To Slovenia, you can drive by car through Germany (Munich) and Austria (Salzburg, Villach, also through the Tauern Tunnel). You used to have to go over the Wurzenpass to enter Slovenia. A particularly fairytale mountain pass with steep slopes and a border post at the top. Today there is the long Karawake Tunnel that makes it all much easier.
But if you arrive during the day and your first stop is Kranjska Gora, be sure to take the Wurzenpass!
Near the Wurzenpass, there is an old NATO mountain base (on the Austrian side) from which they could fire oncoming tanks.
The roads in Slovenia are excellent. The highway network is quite extensive over which millions of people pass Slovenia every year on their way to Croatia and beyond. Don't forget to purchase an e-vignette. By the way, secondary and local roads are also very good.
By plane, of course, you get there faster. Slovenia's main airport is close to Ljubljana, the country's capital. Brussels Airlines flies there directly. Via a stopover, you can fly with several other airlines.

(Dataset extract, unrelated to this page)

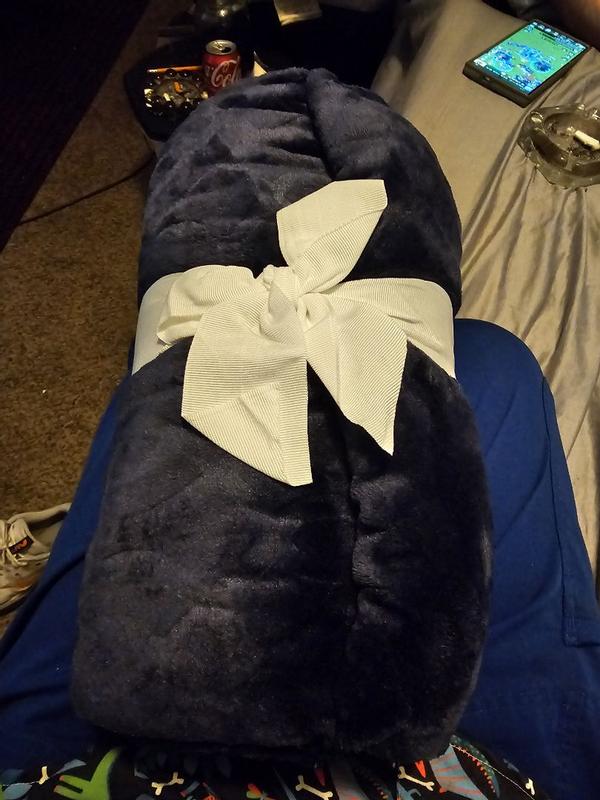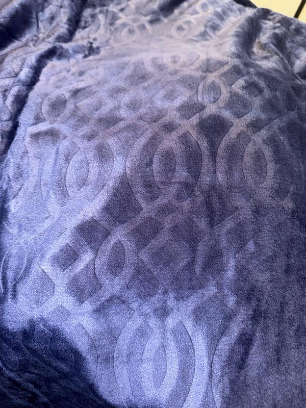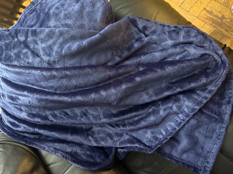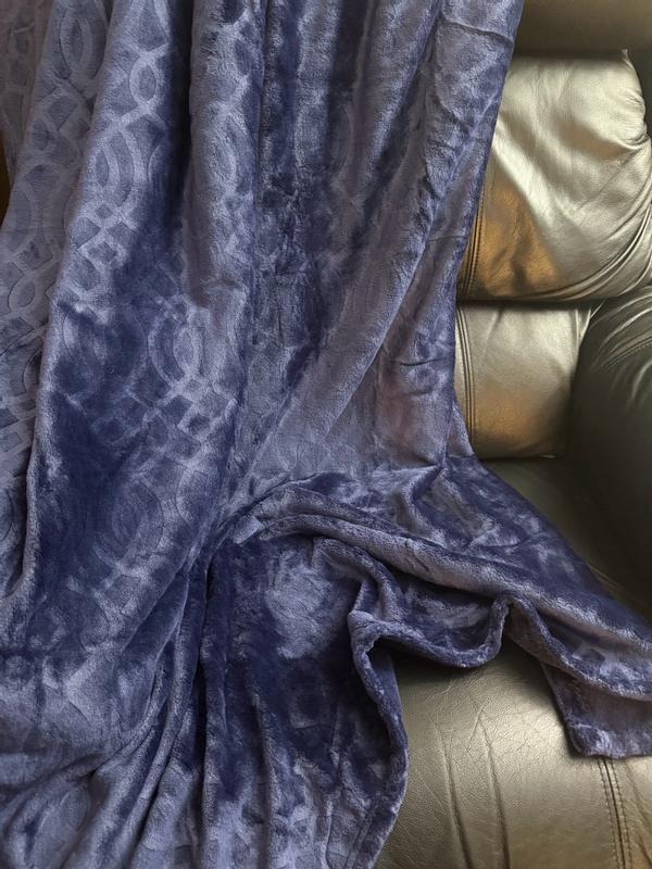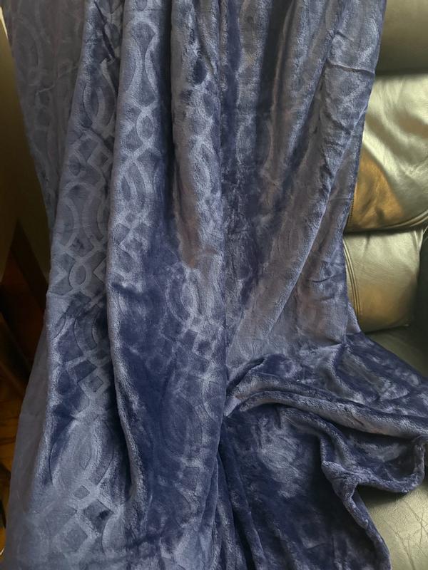 The navy embossed throw is really soft and feels great to the touch. I love the color and the embossed pattern it gives it a nice, look on the couch or bed. It drapes nicely and adds a nice touch to the room. I just wish it were a bit thicker because it’s not as warm or plush as I hoped. It’s still a pretty throw for everyday use, just not the best one I’ve owned.

Slovenia is very diverse in its landscapes in a small area:


In the north (border with Austria and part with Italy) you can find the Alps (they call it the sunny southern flank of the Alps).

Inland (towards Croatia) you have the karst region (limestone subsoil, large cave systems), on the Adriatic coast (Slovenia has a rather short coastline) you have typical Mediterranean landscapes and in the East, you have a much more rolling landscape (towards Hungary).


Slovenia is a mix of different cultures.

For example, a mixed grill and all kinds of grilled dishes are very popular (Croatian influence), they also like to eat schnitzels and veal steaks (Austrian influence), but Pasta and Pizza are also very popular (Italian influence). For example, in almost every restaurant you can order gorgonzola sauce (for lovers)!

Economy and safety

Slovenia is a very safe and quiet country. Economically they were already the quiet engine in Yugoslavia, after the independence they put everything into their own strength. In terms of culture, it is rather uniformly Catholic (many little churches). Can sound a bit boring, but contributes just as much to the tranquility that Slovenia exudes.